There are also several fault-tolerant routing protocols proposed in the existing literature. A selected few are summarized here. Shyama et al. developed swarm genetic optimization (FTGSO) for fault-tolerant routing path identification in [35]. In this work, the selection of the Cluster Head (CH) was carried out using several metrics such as residual energy, coverage, communication cost, and proximity. The proposed model was compared with other optimization algorithms and the evaluation results verified the superior performance of the proposed scheme. In [36], Hallafi et al. proposed a method that aimed to detect network holes. In this method, the network is geographically cellulated, and a cell agent is selected for each cell. Then, the coverage of nodes within each cell is calculated. After that, it is possible to detect holes in the network cells. Finally, the holes are recovered using mobile nodes using the grasshopper optimization algorithm. In [37], Papi and Barati introduced a method to maintain coverage in WSNs. The proposed method is composed of two phases: the first phase aims to detecting holes through a simple distributed method by which each node explores whether there are holes around it or not. In the second phase of the proposed method, the holes are covered using mobile nodes.

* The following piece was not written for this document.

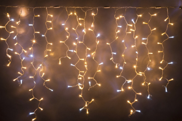 Гирлянда Бахрома с Колпачком 3,2 x 0,9 м Тепло-Белая с Мерцанием Белого Диода 220В, 168 LED, Провод Прозрачный ПВХ, IP65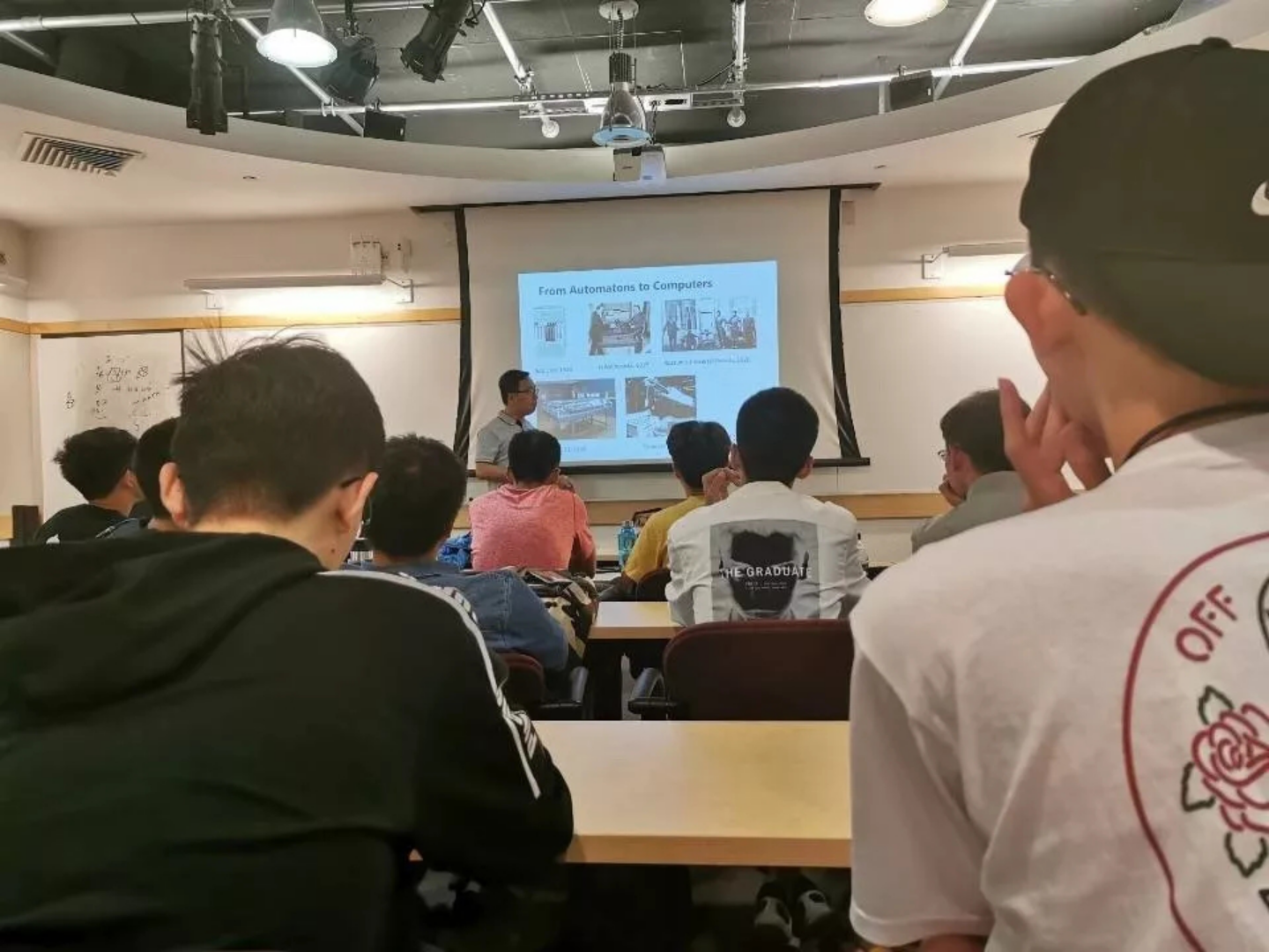 在伯克利分校,我们有幸聆听华人Allen教授为我们讲课,讲述内容主要是关于人工智能(AI)的一些知识,包括人工智能的定义,机械人三大准则。同时举了一些已经在生活中出现或者虚构出来的人工智能的例子,并耐心地为我们讲述了一些推理算法的知识,生动而形象,同学们收获颇多。Allen教授还亲手编写了代码,做成了可实现摄像功能的遥控小车,引得同学们一片赞叹。其间,恰逢学院老师陈民铀教授在这所大学进行项目合作,他来到教室,就着自己经历为我们讲述了中美电气工程专业的差异,同学们积极提问,气氛热烈。

A regression-based fault detection and tolerance strategy for WSNs was introduced in [38] by Swain et al. The proposed strategy diagnoses the different types of faulty nodes with the help of the data sensed by the fault-free neighbors. In [39], Goyal et al. proposed a fault detection and recovery technique (FDRT) for a cluster-based network. Essentially, the principle is to choose a Cluster Head (CH) and to select a Backup Cluster Head (BCH) using the fuzzy logic technique. In the case of failure of the CH, the BCH will continue the task of the failed CH. In [40], Wu et al. provided a potential game and the cut vertex detection mechanism, which are utilized to establish a fault-tolerant topology which consists of a set of single hop clusters. The main objective was to reduce the energy consumption of the network. Therefore, an algorithm based on a double price function was designed.

3. WSN Topology

In this paper, a WSN for precision agriculture was used and a hierarchical topology was adopted for this WSN. It is composed of a set of balanced clusters. Each cluster is formed by a set of sensor nodes managed by a Cluster Head (CH). The sensor nodes collect and transmit data to the CHs in one hop. The CHs receive and process the data transmitted by the nodes, then transmit the processed data to the Base Station (BS) with a single hop. In general, clustering [41] has been proven to be an effective energy-saving method in WSNs.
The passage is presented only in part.